1. That several terrible diseases, such as syphilis, cancer, consumption, and scrofulous diseases generally are widely scattered and communicated by vaccination. One vaccinator of twelve years' experience is made to say, "If I had the desire to describe one third of the victims ruined by vaccination, the blood would stand still in your veins." Another, "I have seen hundreds of children killed by it." A medical journal is quoted as saying that consumption has widely spread since the introduction of vaccination; which is very likely also true as regards lawn-mowers and pedestrian matches. A physician to the London Cancer Hospital declares that many of the cases of cancer treated at that institution originated with vaccination! A physician testifies before a Parliamentary committee that eleven out of thirteen children whom he vaccinated became syphilitic. Another declares that a large proportion of apparently inherited syphilis is really imparted through vaccination. A large number of cases of various kinds are cited with full and harrowing details, some of which have been subjects of discussion in medical circles during the past twelve or fourteen years.
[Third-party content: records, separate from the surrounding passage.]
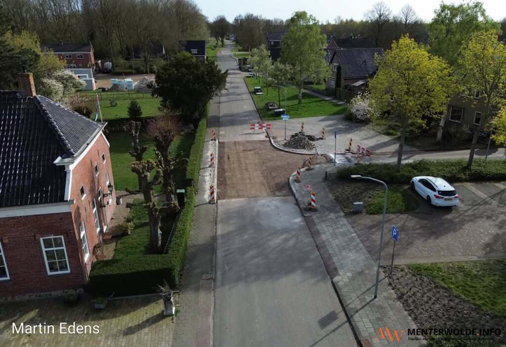 Hier worden de kruisingen aangepakt. Martin Edens maakte 2 luchtfoto's van deze laatste werkzaamheden.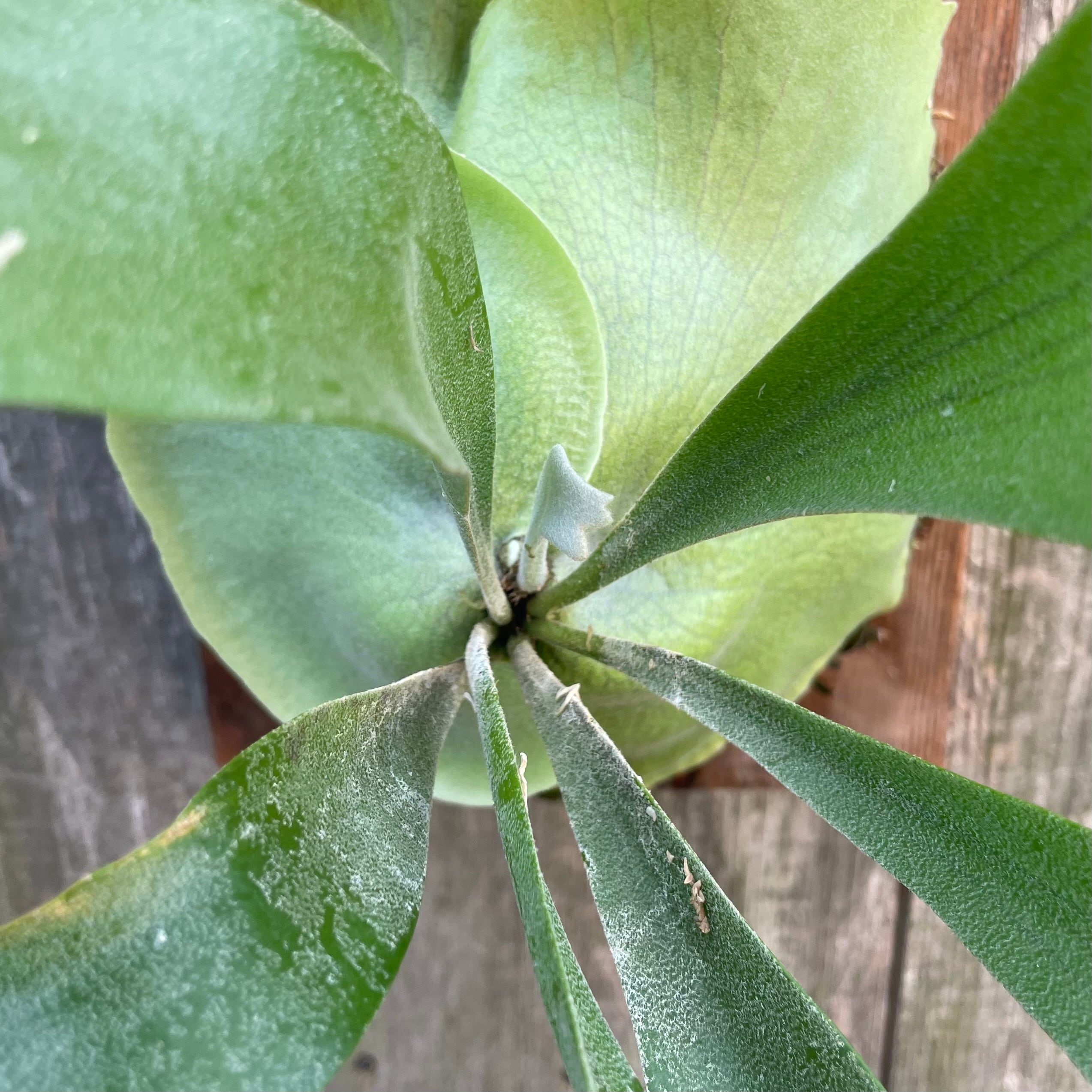 胞子をつけると葉先がカールする特徴ある一株になります。現在活発に成長しております。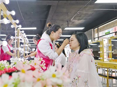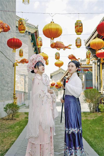 泉州簪花熱、曹縣馬面裙、新中式穿搭……走進(jìn)呼和浩特市玉泉區(qū)塞上老街旅游休閑街區(qū),隨處可見身著漢服的“簪花公主”們?cè)谂乃囆g(shù)照。古色古香的環(huán)境加上應(yīng)景的古典造型,這股在青年群體中興起的國風(fēng)國潮,形成了一道獨(dú)特的“風(fēng)景線”。記者 王磊 攝
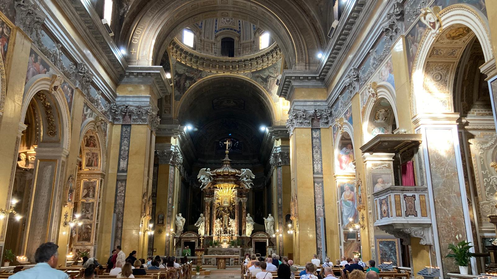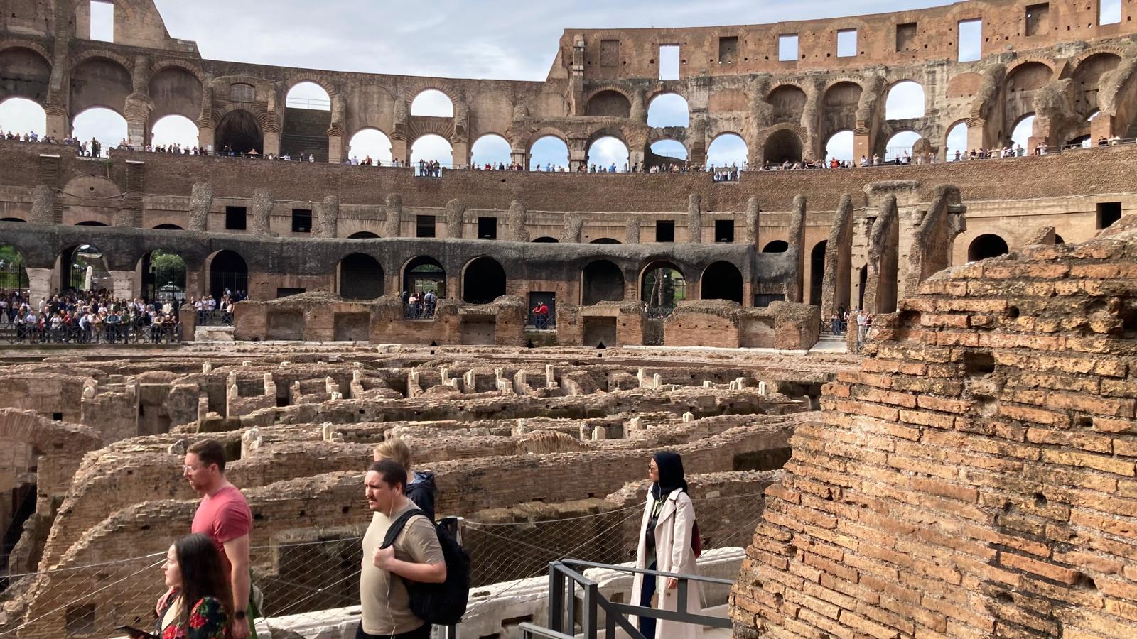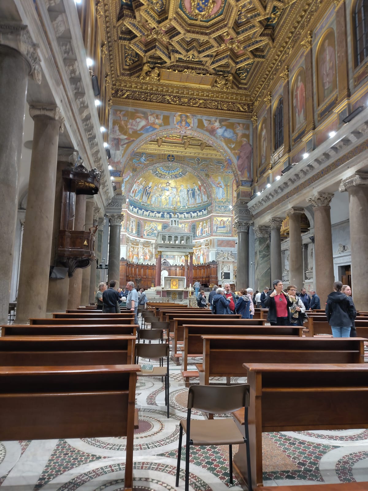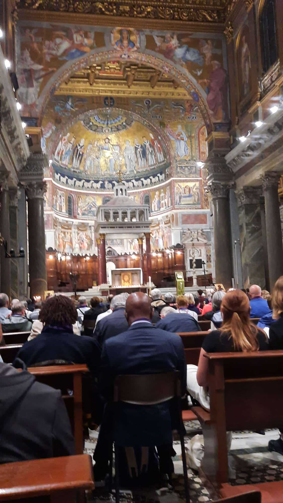 Dienstagmorgen ging es nach dem Führstück los zum «Colosseo». Zu Fuss kamen wir dem «Colosseo» immer nähre und das Staunen wurde immer grösser. Mit ein paar Hindernissen (italienische Logik) kamen dann alle hinein und konnten sich frei bewegen und viele Eindrücke sammeln. Um den Mittag herum traf man sich wieder beim Ausgang und besprach das weitere Vorgehen. Als sich alle gut verpflegt hatten, ging es zu Fuss zu der ersten Pilgerkirche, der Basilika San Giovanni in Laterano, die einen bleibenden Eindruck hinterliess. Anschliessend besichtigte die Gruppe Santa Croce in Gerusalemme und zum Schluss die Lieblingskirche von Papst Franziskus, Santa Maria Maggiore. Das Abendessen konnte man im Stadtviertel «Trestevere» einnehmen, denn es gibt dort wunderbare kleine Restaurants, die sehr gute Küchen haben. Einen besinnlichen Abschluss gab es dann noch beim Abendgebet mit der Gemeinschaft Sant’Egidio in der wunderschönen Kirche Santa Maria, wo die Gruppe sogar persönlich begrüsst wurde und Liveübersetzung bekam.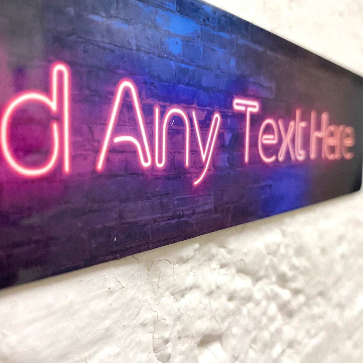 Printed Aluminium Metal sign 20cm x 5cm (200mm x 50mm) 7.8 x 2" Neon Text Effect, blue wall background design surface.Wall mounted with 2 sticky pads, this customised plaque would look great.Digital dye sublimation colour printing on a metal aluminium plaque 0.5mm.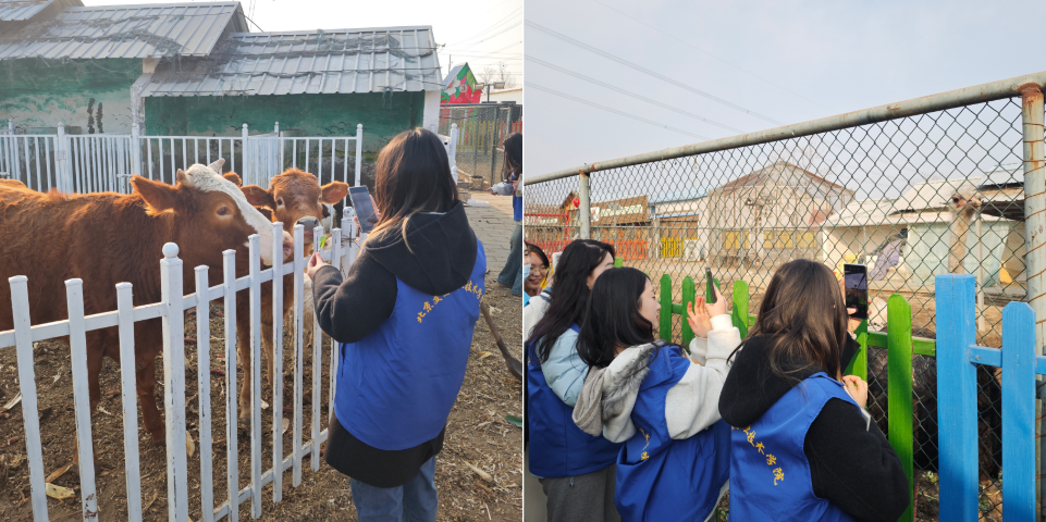 在座談會后,合作社負責人崔維國帶領兩校師生參觀了占地100畝的智慧大棚。崔維國老師對草莓品種、培育技術、監測設備以及產量進行了詳細介紹。同學在品嘗草莓的同時,更直觀感受到了現代農業的魅力以及鄉村振興政策為老百姓帶來的利好。 隨后,我院師生在負責人的帶領下還參觀了園區里的多肉大棚以及“動物樂園”,同學們在投喂鴕鳥、撫摸牛羊的過程中,切身感受生態農業的人文溫度。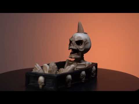 - Mysterious Incenso Burner a forma di scheletro seduto all'interno di una bara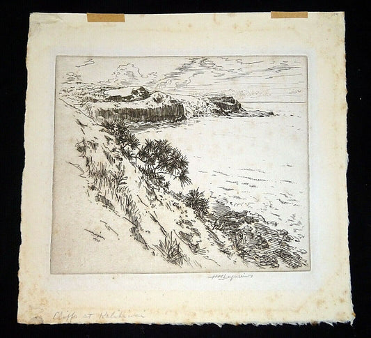 1920 Hawaii Etching Print "Cliffs at Kalihiwai, Kauai" by Huc M. Luquiens (ThB)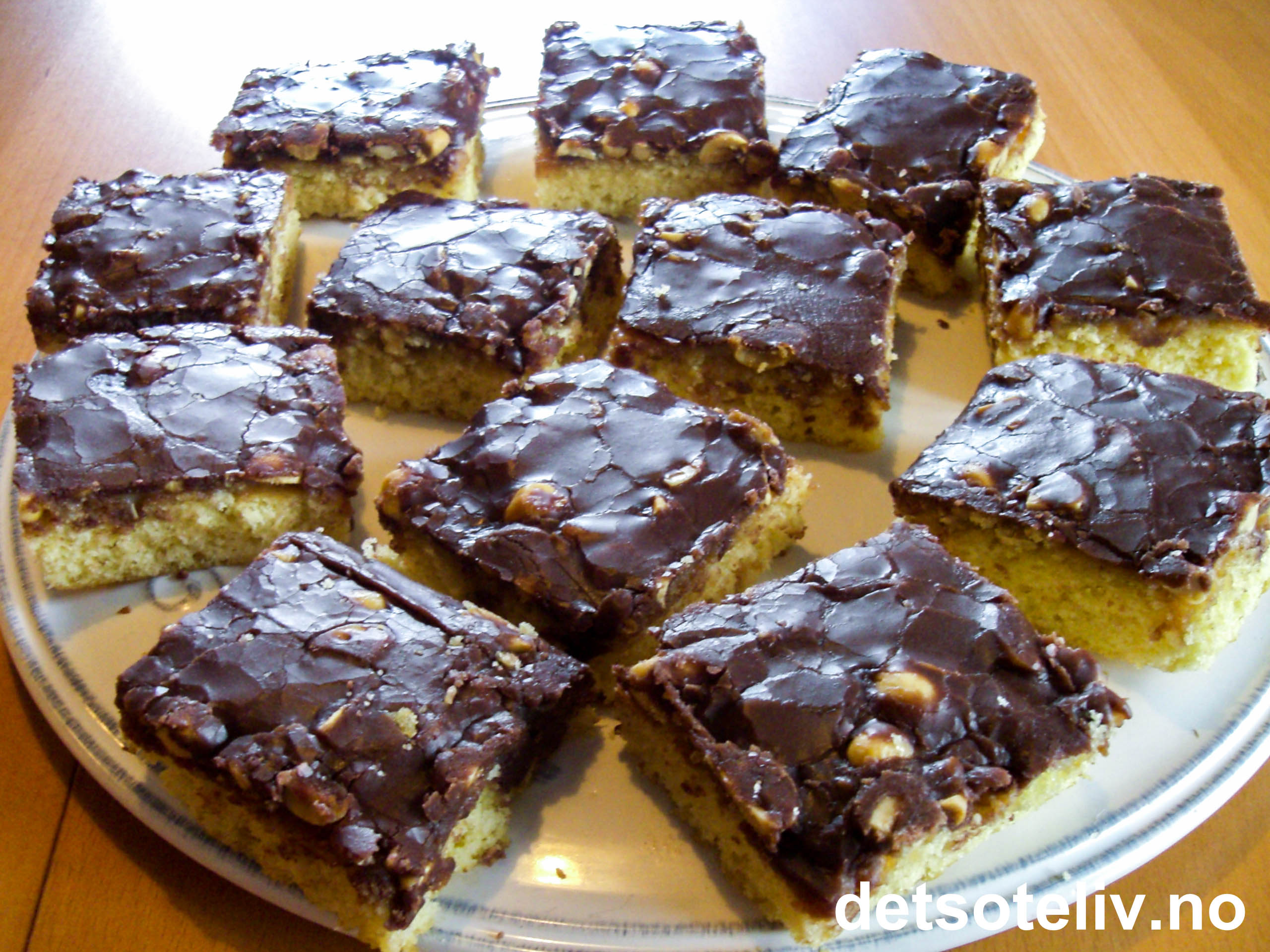 Merk at dette er en nokså søt og mektig langpannekake, og det kan være lurt å ikke dele kaken opp i altfor store firkanter.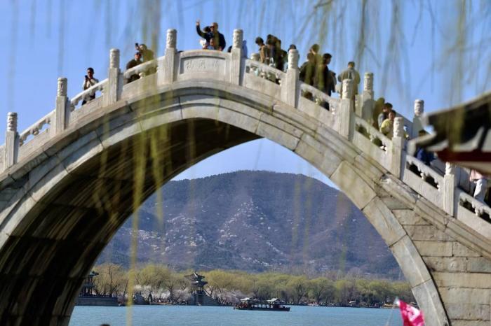 游客或驻足留影,或沿堤漫步,沉浸式感受皇家园林的春日意境。
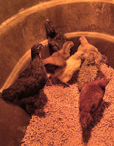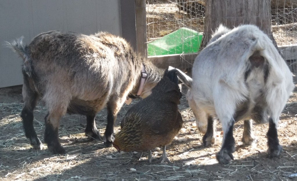 When it’s appropriate, I’ll roll their brooder to the outdoors chicken coop, where it’ll set allowing safe interacting with the adult hen (Welsummer) and twin dwarf goats. Once all are comfortable together, I’ll free the chicks.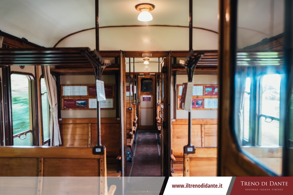Il treno circola durante i week-end fino al 14 maggio per poi riprendere le corse da settembre a novembre (non circola durante l’estate). Il convoglio storico si compone di una sola vettura di prima classe, con sedili imbottiti, rivestiti di velluto, rosso o verde, e di alcune carrozze Centoporte, sapientemente restaurate e messe a disposizione dalla Fondazione FS. Si tratta di quelle suggestive carrozze dai sedili in legno, che risalgono agli anni 30 del secolo scorso. Salire a bordo di una carrozza Centoporte ha indubbiamente già il suo fascino. Ma quello sul treno di Dante si appresta a diventare un vero viaggio di scoperta se si è attenti e curiosi. E così come Dante ebbe una Guida nel suo viaggio, un’assistente qualificata – una per ciascuna carrozza – è pronta a fornire ai passeggeri indicazioni sul treno storico, sul paesaggio che si attraversa, sui luoghi visitati dal Sommo Poeta. Lo stesso Dante, con la sua lunga veste di velluto rosso, potrebbe comparire tra le carrozze e intrattenersi con i viaggiatori, per soddisfare le loro curiosità.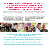 "Weiter so" ist mir zu wenig. Unsere Stadt braucht frischen Schwung und neuen Zusammenhalt. Vorwärts Augsburg.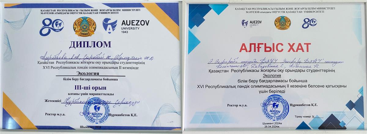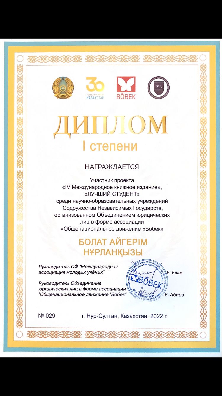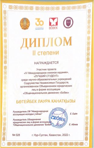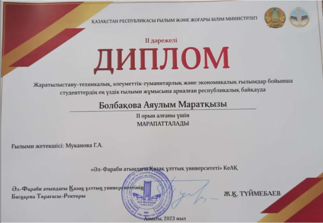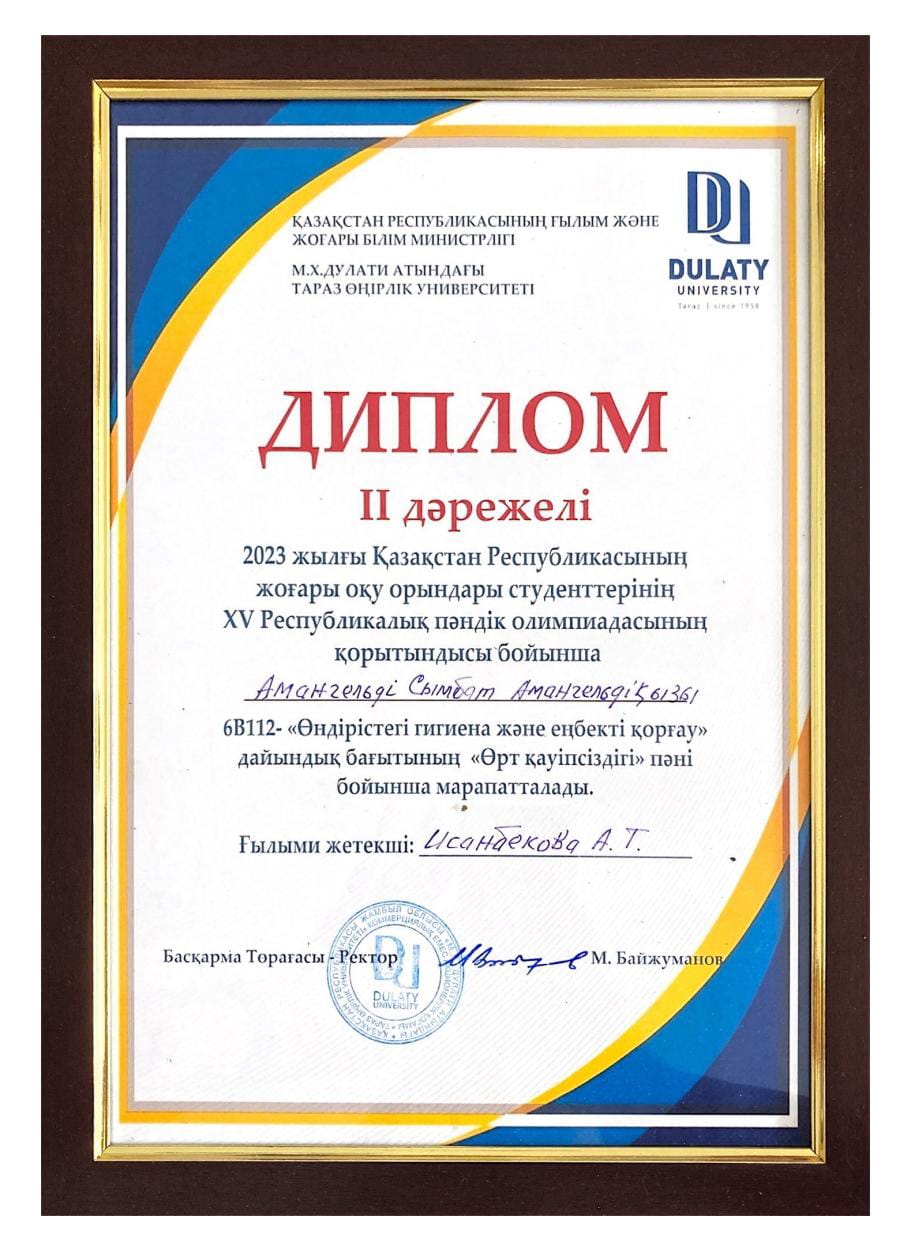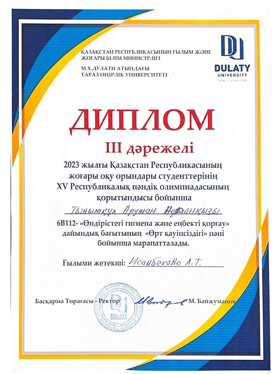 СТУДЕНТКА 3 КУРСА СПЕЦИАЛЬНОСТИ 6В112– «БЕЗОПАСНОСТЬ ЖИЗНЕДЕЯТЕЛЬНОСТИ И ЗАЩИТА ОКРУЖАЮЩЕЙ СРЕДЫ» ТЫНЫМҚҰЛ АРУЖАН ЗАНЯЛА IIІ МЕСТО В XV РЕСПУБЛИКАНСКОЙ ПРЕДМЕТНОЙ ОЛИМПИАДЕ ПО ДИСЦИПЛИНЕ «ПОЖАРНАЯ БЕЗОПАСНОСТЬ» 21.04.2023 Подробнее >>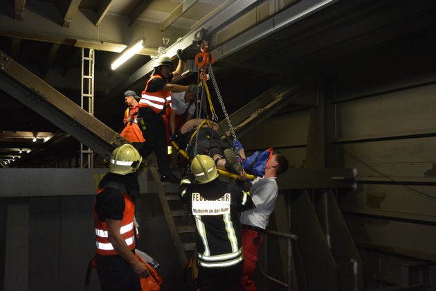 FW-MH: Schweißtreibende Rettungsaktion im Inneren der Ruhrtalbrücke.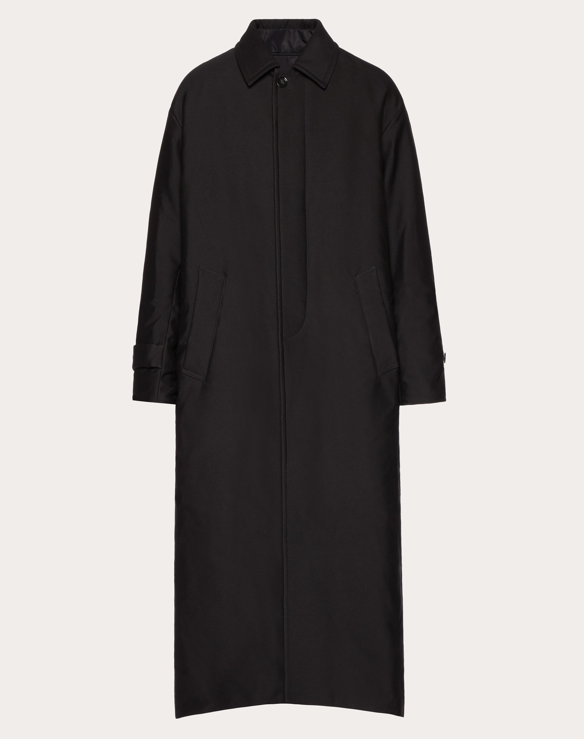 Reversible coat in cotton, wool and silk blend with non-removable inner bomber layer. COAT SIDE - Shirt-style collar - Concealed button closure - Two side pockets - Lined and lightly padded - All-over VLogo jacquard lining - Composition: 40% Cotton, 40% Wool, 20% Silk - Lining: 46% Cupro, 46% Polyester, 8% Polypropylene - Padding: 100% Polyester - Length: 130 cm / 51.1 in. from the back of the neck in Italian size 46 BOMBER SIDE - Zipper closure - Two side pockets - Lined and lightly padded - Composition: 100% Polyamide - Lining: 100% Polyester - Padding: 100% Polyester - Length: 69 cm / 27.1 in. from the back of the neck in an Italian size 46 - The model is 187 cm / 6'1" tall and wears an Italian size 46 - Made in Italy Product code: VCAG008E9_0NO
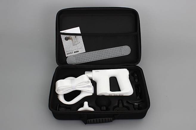 구성품은 마사지건 본체와 마사지 헤드, 마사지 벨트, 지압 패드, 충전 케이블, 그리고 사용 설명서로 이루어져 있다.

2. It is charged that vaccination does not protect its subjects from small-pox. It is pronounced "not only an illusion but a curse to humanity"; "The greatest mistake and delusion in the science of medicine"; "A fanciful illusion in the mind of the discoverer, devoid of scientific foundation." It states that, out of 22,000 cases of smallpox treated in five London hospitals in five years, 17,000 had been vaccinated; and, furthermore, that, since compulsory vaccination had been established, the death-rate from small-pox had more than doubled. Such, in brief, according to these very remarkable statements, have been the results of vaccination in England, and it is in contrast with these statements that the results of vaccination as practiced in the city of New York are here presented.

Previous to the epidemic of small-pox in 1874-'75, vaccination had been fairly practiced, but in the same loose and unsystematic manner as was formerly the custom everywhere. Some physicians vaccinated the children of the families in which they were medical attendants and some did not. Vaccination was performed free to those who desired it at all the dispensaries, but no special care was taken to see that all the children in the several districts were vaccinated. Some physicians exercised skill and judgment in collecting the virus and doing the work of vaccination, while others were careless and slovenly.